Start of Given records
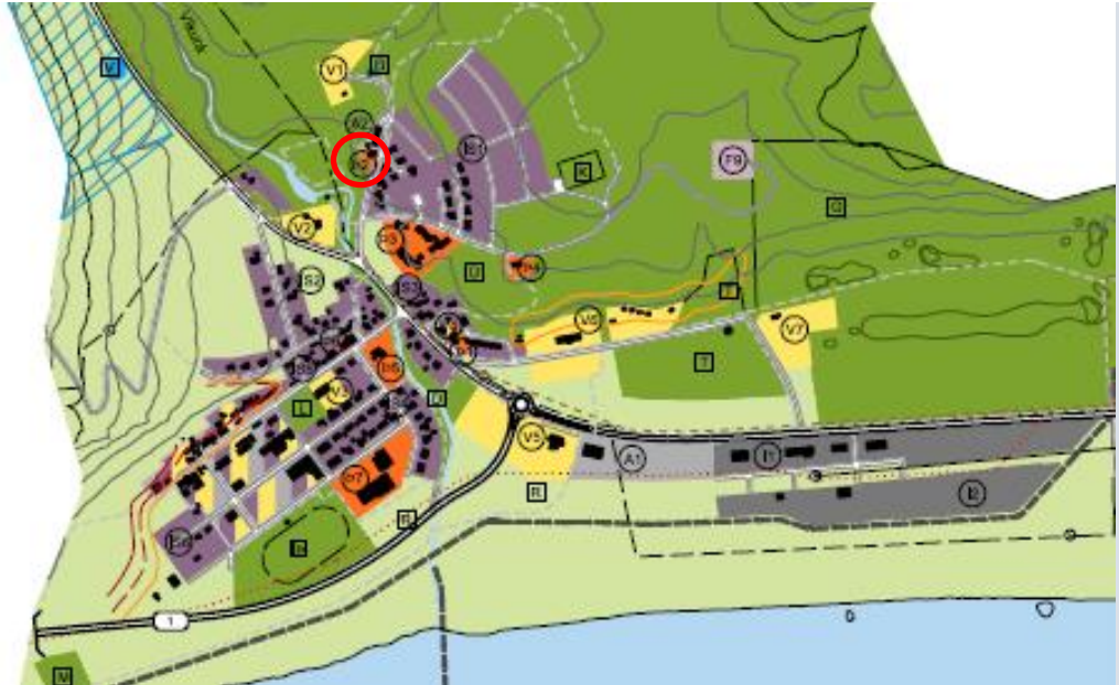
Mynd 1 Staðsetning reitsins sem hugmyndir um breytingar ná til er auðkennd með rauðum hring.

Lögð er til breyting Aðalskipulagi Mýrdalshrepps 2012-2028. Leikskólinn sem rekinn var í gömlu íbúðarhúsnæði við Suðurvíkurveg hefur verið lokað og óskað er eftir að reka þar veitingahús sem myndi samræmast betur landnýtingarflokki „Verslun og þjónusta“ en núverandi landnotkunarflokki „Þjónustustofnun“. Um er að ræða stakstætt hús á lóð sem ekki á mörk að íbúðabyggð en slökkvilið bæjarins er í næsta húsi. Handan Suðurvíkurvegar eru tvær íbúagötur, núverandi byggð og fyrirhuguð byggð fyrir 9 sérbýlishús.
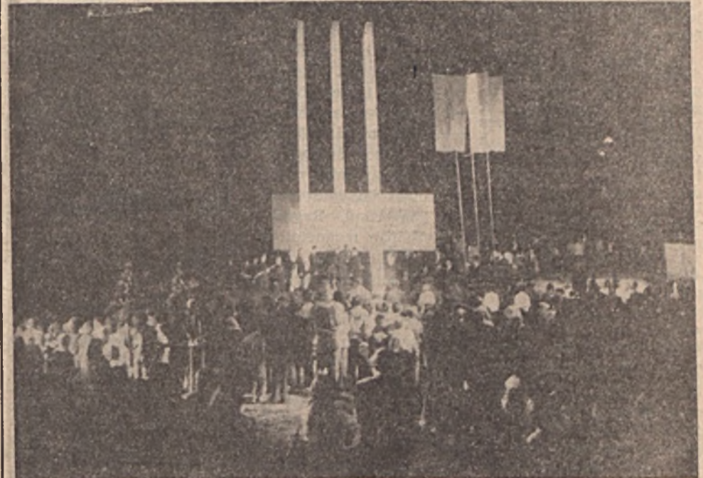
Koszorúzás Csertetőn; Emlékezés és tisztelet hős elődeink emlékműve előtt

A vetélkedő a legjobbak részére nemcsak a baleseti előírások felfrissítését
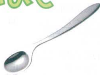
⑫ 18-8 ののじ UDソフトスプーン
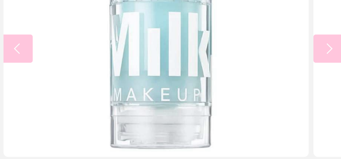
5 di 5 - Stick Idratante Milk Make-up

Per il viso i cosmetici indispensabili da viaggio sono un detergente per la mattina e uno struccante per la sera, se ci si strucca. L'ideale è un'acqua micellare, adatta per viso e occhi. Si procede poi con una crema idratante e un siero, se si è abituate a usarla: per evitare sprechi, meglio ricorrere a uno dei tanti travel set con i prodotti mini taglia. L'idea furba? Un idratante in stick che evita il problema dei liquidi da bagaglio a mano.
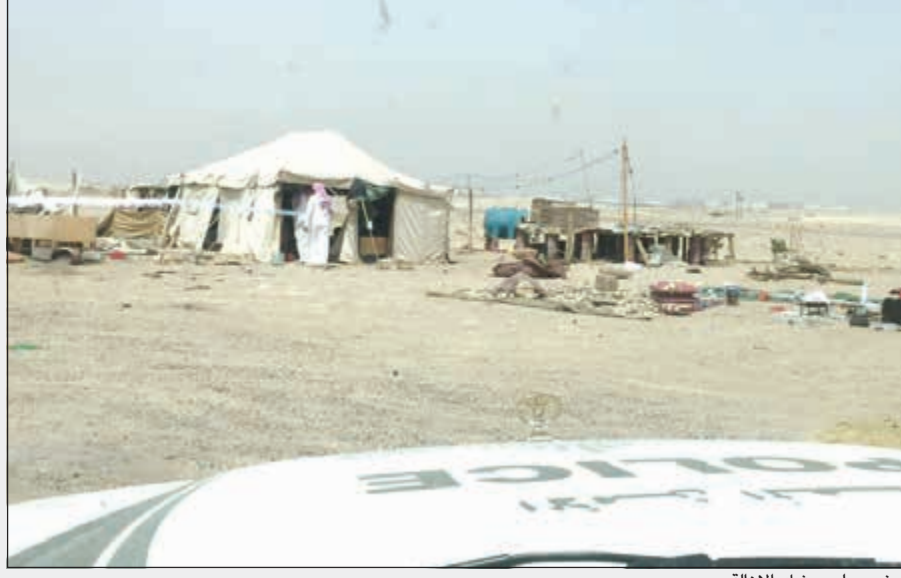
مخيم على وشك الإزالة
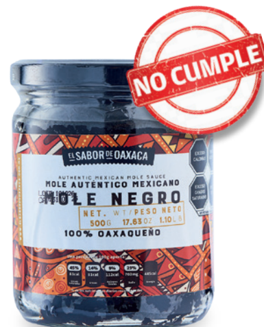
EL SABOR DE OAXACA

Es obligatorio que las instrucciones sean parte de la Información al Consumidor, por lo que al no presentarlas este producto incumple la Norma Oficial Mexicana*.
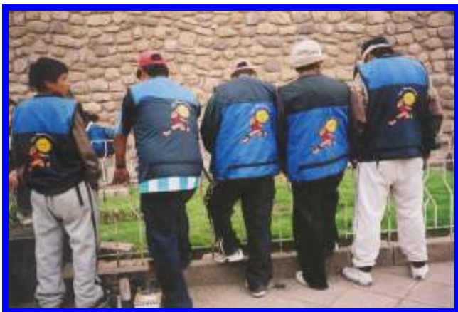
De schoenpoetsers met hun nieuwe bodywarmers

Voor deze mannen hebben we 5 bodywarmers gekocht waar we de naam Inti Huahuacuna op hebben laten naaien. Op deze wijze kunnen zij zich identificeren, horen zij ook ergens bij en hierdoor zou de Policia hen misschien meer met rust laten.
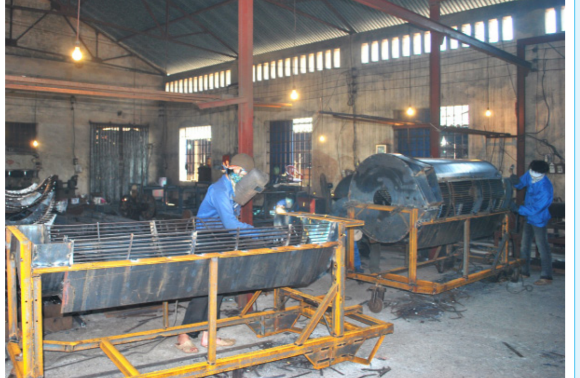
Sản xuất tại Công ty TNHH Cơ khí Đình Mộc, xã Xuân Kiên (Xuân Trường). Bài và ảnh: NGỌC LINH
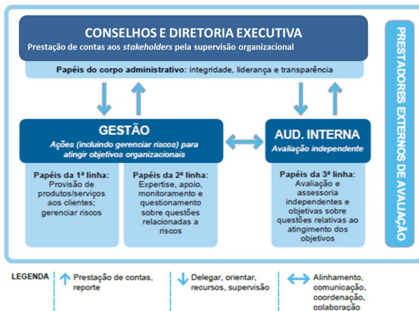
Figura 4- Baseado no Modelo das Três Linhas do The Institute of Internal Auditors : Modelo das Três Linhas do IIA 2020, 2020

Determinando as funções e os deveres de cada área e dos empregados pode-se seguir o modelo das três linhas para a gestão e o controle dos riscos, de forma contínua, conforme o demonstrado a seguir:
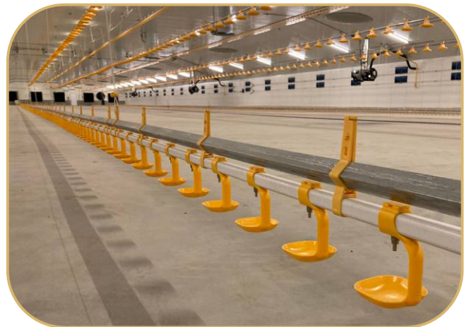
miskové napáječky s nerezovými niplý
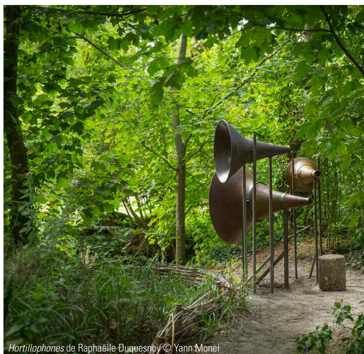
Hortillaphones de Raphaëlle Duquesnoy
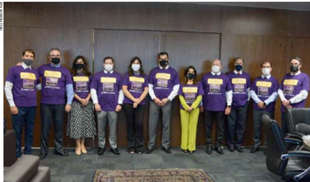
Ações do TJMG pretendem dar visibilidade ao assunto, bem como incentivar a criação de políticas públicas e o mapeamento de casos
End of Given records
An exact restatement of the entries above is needed; no picture may appear in it.

Mynd 1 Staðsetning reitsins sem hugmyndir um breytingar ná til er auðkennd með rauðum hring.

Lögð er til breyting Aðalskipulagi Mýrdalshrepps 2012-2028. Leikskólinn sem rekinn var í gömlu íbúðarhúsnæði við Suðurvíkurveg hefur verið lokað og óskað er eftir að reka þar veitingahús sem myndi samræmast betur landnýtingarflokki „Verslun og þjónusta“ en núverandi landnotkunarflokki „Þjónustustofnun“. Um er að ræða stakstætt hús á lóð sem ekki á mörk að íbúðabyggð en slökkvilið bæjarins er í næsta húsi. Handan Suðurvíkurvegar eru tvær íbúagötur, núverandi byggð og fyrirhuguð byggð fyrir 9 sérbýlishús.
Koszorúzás Csertetőn; Emlékezés és tisztelet hős elődeink emlékműve előtt

A vetélkedő a legjobbak részére nemcsak a baleseti előírások felfrissítését
⑫ 18-8 ののじ UDソフトスプーン
5 di 5 - Stick Idratante Milk Make-up

Per il viso i cosmetici indispensabili da viaggio sono un detergente per la mattina e uno struccante per la sera, se ci si strucca. L'ideale è un'acqua micellare, adatta per viso e occhi. Si procede poi con una crema idratante e un siero, se si è abituate a usarla: per evitare sprechi, meglio ricorrere a uno dei tanti travel set con i prodotti mini taglia. L'idea furba? Un idratante in stick che evita il problema dei liquidi da bagaglio a mano.
مخيم على وشك الإزالة
EL SABOR DE OAXACA

Es obligatorio que las instrucciones sean parte de la Información al Consumidor, por lo que al no presentarlas este producto incumple la Norma Oficial Mexicana*.
De schoenpoetsers met hun nieuwe bodywarmers

Voor deze mannen hebben we 5 bodywarmers gekocht waar we de naam Inti Huahuacuna op hebben laten naaien. Op deze wijze kunnen zij zich identificeren, horen zij ook ergens bij en hierdoor zou de Policia hen misschien meer met rust laten.
Sản xuất tại Công ty TNHH Cơ khí Đình Mộc, xã Xuân Kiên (Xuân Trường). Bài và ảnh: NGỌC LINH
Figura 4- Baseado no Modelo das Três Linhas do The Institute of Internal Auditors : Modelo das Três Linhas do IIA 2020, 2020

Determinando as funções e os deveres de cada área e dos empregados pode-se seguir o modelo das três linhas para a gestão e o controle dos riscos, de forma contínua, conforme o demonstrado a seguir:
miskové napáječky s nerezovými niplý
Hortillaphones de Raphaëlle Duquesnoy
Ações do TJMG pretendem dar visibilidade ao assunto, bem como incentivar a criação de políticas públicas e o mapeamento de casos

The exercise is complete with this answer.